Los conservacionistas también han mostrado su preocupación por las consecuencias que la retirada del hielo puede provocar en la migración de algunas especies animales por el impacto de estos cambios en la cadena alimentaria.


El Mundo

[foto de la noticia]Durante varios días de este mes, la cobertura de hielo en la superficie de Groenlandia ha sufrido un proceso de fusión en un área mayor que en cualquier momento anterior a lo largo de más de 30 años de observaciones satelitales, según ha informado la NASA.

Casi toda la cubierta de hielo de Groenlandia, desde las zonas más finas en las costas hasta los dos kilómetros de profundidad en el interior ha experimentado algún grado de fusión en su superficie a mediados de estes mes debido a las altas temperaturas, de acuerdo con las mediciones de tres satélites independientes analizadas por científicos de la NASA y unviersidaes.

En promedio, durante el verano, cerca de la mitad de la superficie de la capa de hielo de Groenlandia se derrite de forma natural. En las zonas altas, la mayor parte de esa agua de deshielo rápidamente vuelve a congelarse en el mismo lugar. Cerca de la costa, algo del agua de fusión es retenida por la capa de hielo y el resto se pierde en el océano.

Pero este año el grado de fusión del hielo en la superficie ha aumentado notablemente. De acuerdo con los datos de satélite, se estima que el 97% de la superficie de la capa de hielo se ha descongelado en algún momento a mediados de julio.

Los investigadores aún no han determinado si este evento extenso de fusiónafectará el volumen global de pérdida de hielo este verano y contribuirá a la elevación del nivel del mar.

“La capa de hielo de Groenlandia es una extensa zona con una historia variada de cambio. Este evento, junto con otros fenómenos naturales, aunque poco frecuentes, como el caso de la fractura de un enorme iceberg la semana pasada en el glaciar Petermann, son parte de una historia compleja”, dijo Tom Wagner , director del programa de criosfera de la NASA en Washington. “Las observaciones por satélite están ayudando a entender cómo eventos como estos pueden relacionarse unos con otros, así como con el sistema climático más amplio.”

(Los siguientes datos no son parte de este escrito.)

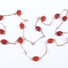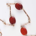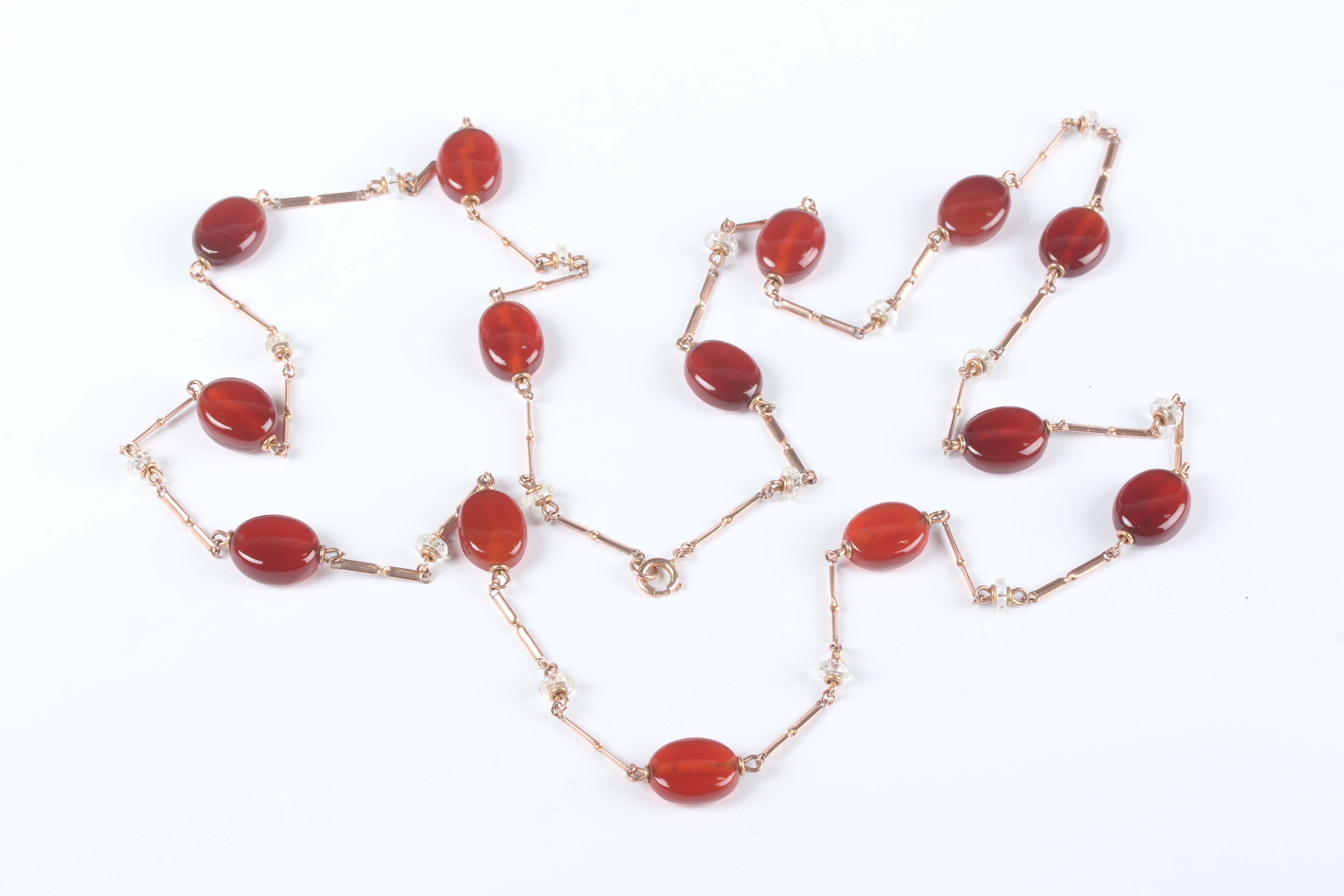 A gold and cornelian necklace in a twisted bar link design, spaced with oval cornelians, on a boltring clasp, detailed ‘9ct’, weight 28.8g, length 89.5g.

Son Nghiem, del Laboratorio de Propulsión a Chorro en Pasadena, California, realizó un primer análisis de datos de radar del satélite Oceansat-2 de la Indian Space Research Organisation (ISRO) la semana pasada, cuando se dio cuenta de que la mayor parte de la superficie de Groenlandia parecía que había sido sometida a una fusión del hielo el 12 de julio. Nghiem dijo: “Esto fue tan extraordinario que en un primer momento me cuestioné el resultado”.

Nghiem consultó con Dorothy Hall, en el Centro Goddard de Vuelo Espacial en Greenbelt, Maryland, que estudia la temperatura de la superficie de Groenlandia con el Espectrómetro de Imágenes MODIS a bordo de los satélites Terra y Aqua de la NASA. Confirmó que MODIS mostró temperaturas inusualmente altas y que el deshielo era extenso sobre la superficie de la capa de hielo.

Thomas Mote, un climatólogo de la Universidad de Georgia, Athens, Georgia, y Marco Tedesco, de la Universidad de la Ciudad de Nueva York también confirmaron la fusión vista por Oceansat-2 y MODIS a través de imágenes de sensores de microondas en un satélite meteorológico de la Fuerza Aérea de EEUU.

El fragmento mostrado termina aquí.